Vast cosmic vistas await

UA's 2 new mirrors part of unique scope

By Tom Beal
ARIZONA DAILY STAR
Tucson, Arizona | Published: 09.05.2008
The UA Steward Mirror Lab has lifted the lid on its latest 8.4-meter mirror blank and pronounced it near-perfect — ready for a custom grinding and polishing job that will make it the most unusual telescope mirror ever built.
This single glass blank will actually become two mirrors, part of the novel three-mirror system of the Large Synoptic Survey Telescope. It will give astronomers the widest, deepest, most data-filled look at the night sky ever attempted.
When it is installed on a Chilean mountaintop in 2015, it will be capable of mapping the entire night sky in digital images every three days, gathering 15,000 gigabytes of information each night and making it available to astronomers worldwide for research.
University of Arizona astronomer Roger Angel, who first proposed the project in a paper 10 years ago, said the telescope's usefulness is magnified by its wide field of view, the depth of its light-gathering reach and the widespread dissemination of the images it will gather.
Astronomers looking for changes from image to image over time will be able to more easily spot potentially threatening near-Earth objects, exploding supernovae, comets and other phenomena.
It will also aid them in locating dark matter and energy by noting their effect on light from distant galaxies.
"It will provide vast amounts of new things," Angel said. Researchers, he said, "will be in the nice position of being able to pick and choose."
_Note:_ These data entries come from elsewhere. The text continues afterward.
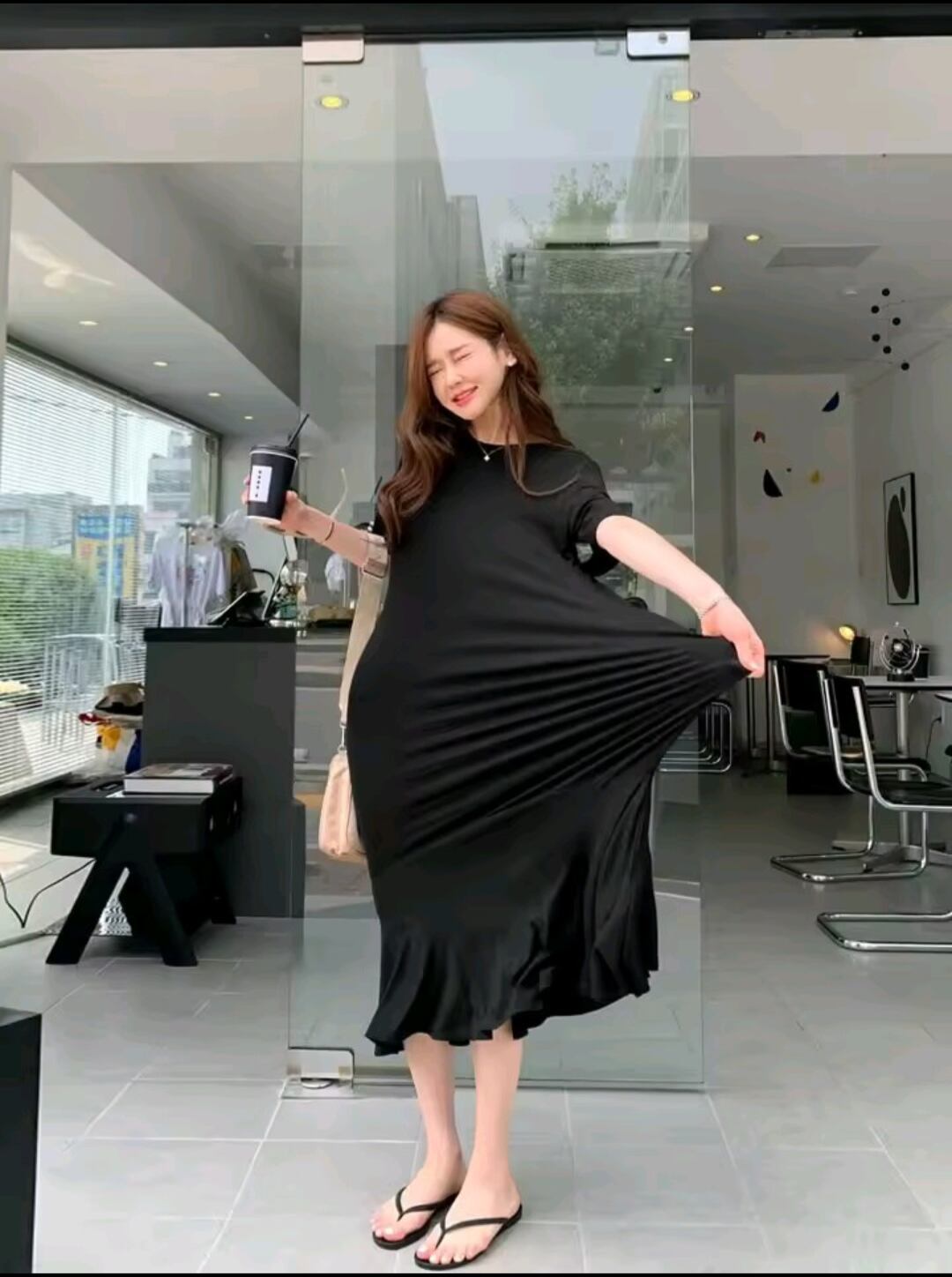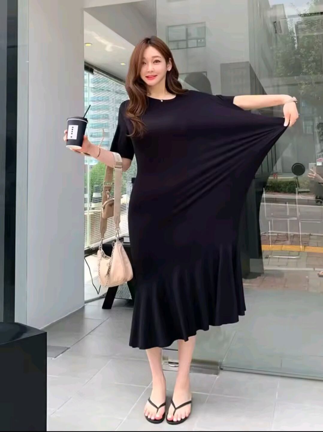 大人のゆったりAラインワンピース ( L / XL / XXL / XXXL )【ブラック】
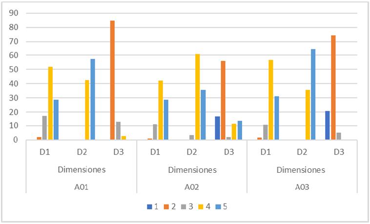Para las valoraciones promedios de mayor porcentaje, en la dimensión D1 el 59.4±10.5 % para el período A01, el 65.4±10.9 %, para el período A02 y el 70.2±11.6 % para el período A03 consideran para las escalas (4 y 5). En la D2 el 75.1±4.6 % para el período A01, el 58.5±6.5 % para el período A02 y el 75.0±7.9 % para A03, consideran para las escalas (4 y 5). En la D3 el 75.1±4.6 %, para el período A01, el 73.5±2.5 % para el período A02 y el 74.2±8.5 % para el A03 consideran la escala (2).
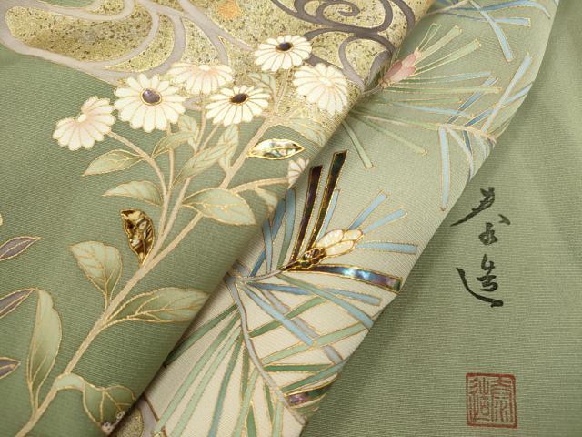 - 平和屋着物▼螺鈿作家 甲斐泰造 訪問着 螺鈿 流水草花文 暈し染め 金銀彩 正絹 逸品 CAAY6124ze

The outer section of the concave blank will keep its current curvature, created by slowly spinning molten glass in a honeycomb structure Angel developed that has made Steward the world's premier creator of large telescope mirrors.
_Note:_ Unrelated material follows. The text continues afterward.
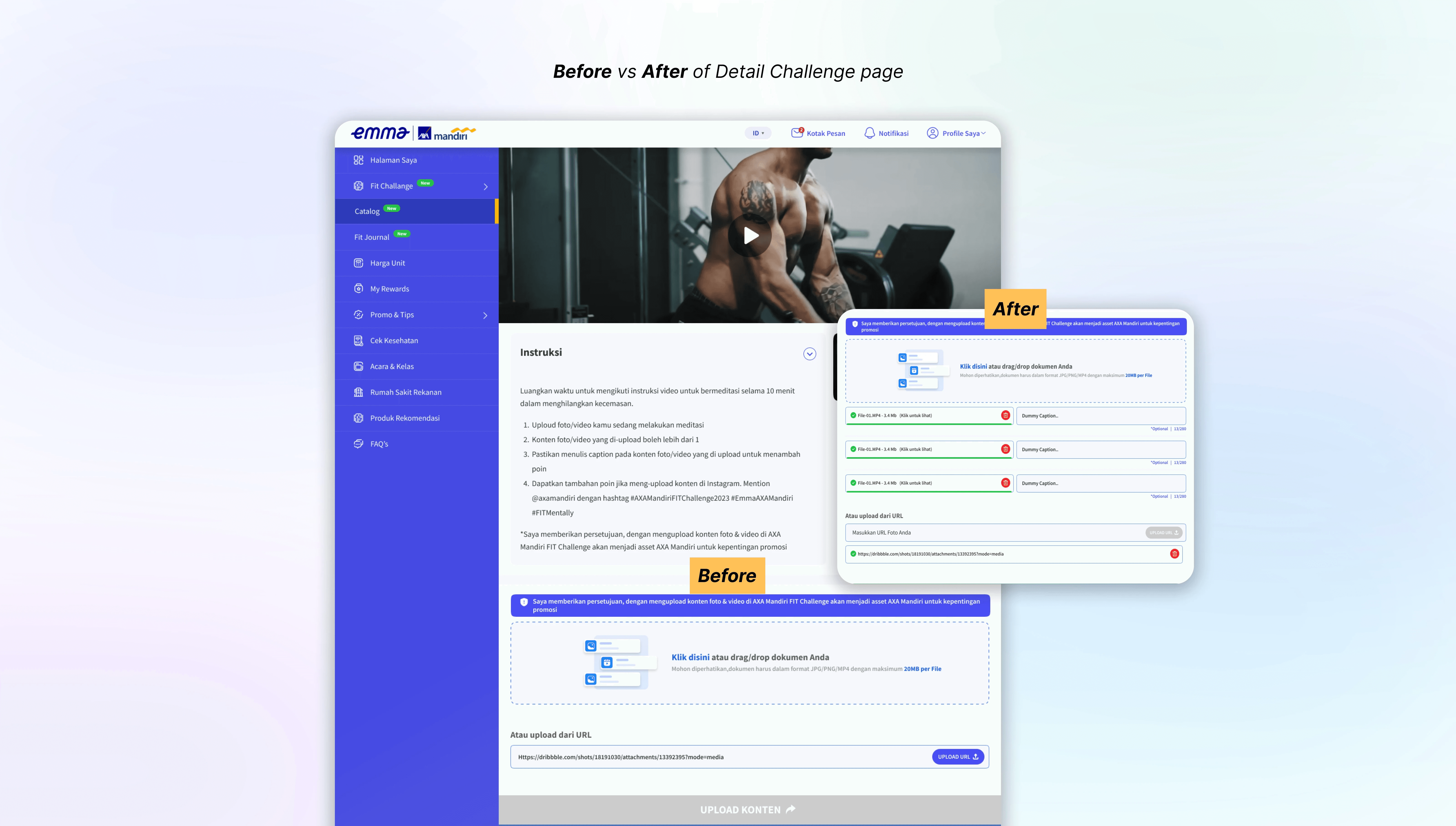 The previous FIT Challenge is not available on the Emma AXA Mandiri platform. The participants who want to join the FIT Challenge, need to go to the microsite and there is no activity on the EMMA AXA Mandiri, so we need to create the feature from scratch.
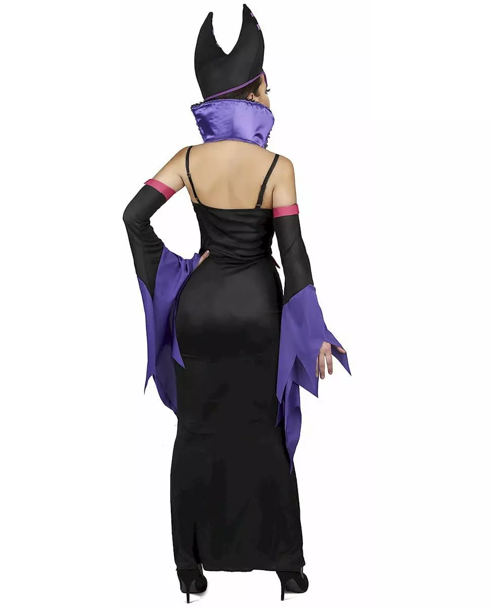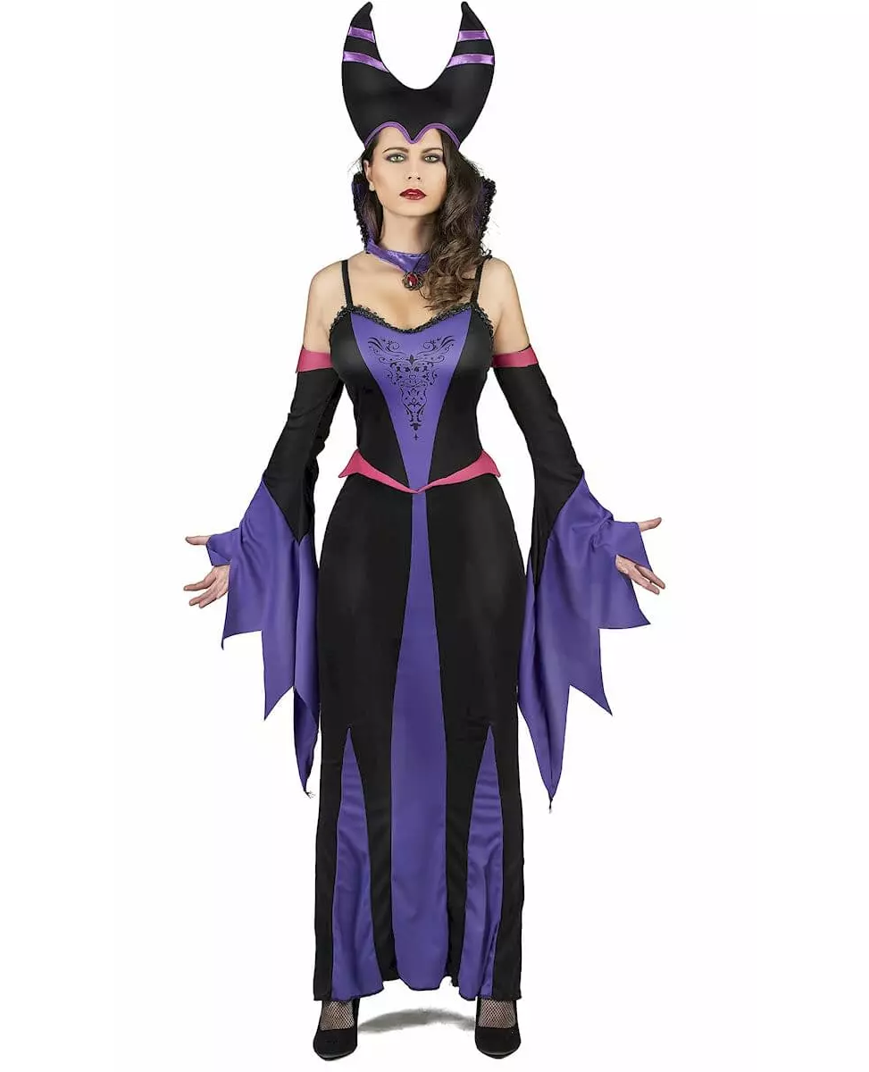 Svart magis trollkvinne Dette onde kostymet for kvinner inkluderer en kjole, to ermer, to armbånd, en krage og et hodeplagg (fiskenett og sko er ikke inkludert). Kjolen i svart og lilla stoff er myk, komfortabel og tettsittende; den utvider seg fra knærne. Stroppene, som ligner på en BH, er justerbare og elastiske. Ermene vil være plassert ved biceps og holdes på plass med elastiske bånd. Denne delen vil være skjult av rosa filtarmbånd (festet med borrelås). Skumkragen dekket med et lilla satengstoff vil ha et supert grep rundt halsen. Den er festet med en ripehalskjede dekorert med en rød perle. Det flotte hodeplagget forestiller to horn med lilla satengbånd. Det vil holde perfekt på hodet ditt takket være den tykke skumteksturen. Du vil være utrolig sexy på Halloween-kvelden med denne trollmannskjolen!. Inkludert tilbehør: Kjole Krage Hodeplagg 2 Mansjetter 2 Armbånd Materiale: 100 % polyester Stell: Håndvaskbar

The inside 16 feet of the mirror blank will be ground to a steeper concavity.
When installed, the outer, or primary, mirror will receive light from the night sky and bounce it to a mirror above it, which in turn will bounce it to the interior mirror of the blank recently cast.
That mirror will bounce the light to a digital camera with an aperture nearly 2 feet square, providing it with a field of view larger than 30 moons.
There were no hitches in casting the mirror, said Jeffrey S. Kingsley, associate director of Steward Observatory.
Storms knocked out power to the mirror lab, which is beneath the UA football stadium, once while it was melting glass, but generators came on well before there was any measurable change in heat.
Grinding and polishing, during which about 16,000 pounds of glass will be removed from the mirror's surface, could take up to two years, said Kingsley.
The LSST Corp., which will build and operate the telescope, is a consortium of 25 universities and institutions, headquartered in Tucson.
Founding partners are the UA, the University of Washington, the National Optical Astronomy Observatory and Research Corp. It plans to begin operating the scope in 2015.
Money for the mirrors themselves came from private donations — $10 million from Microsoft owner Bill Gates and $20 million from the Charles Simonyi Fund for Arts and Sciences, according to a UA news release.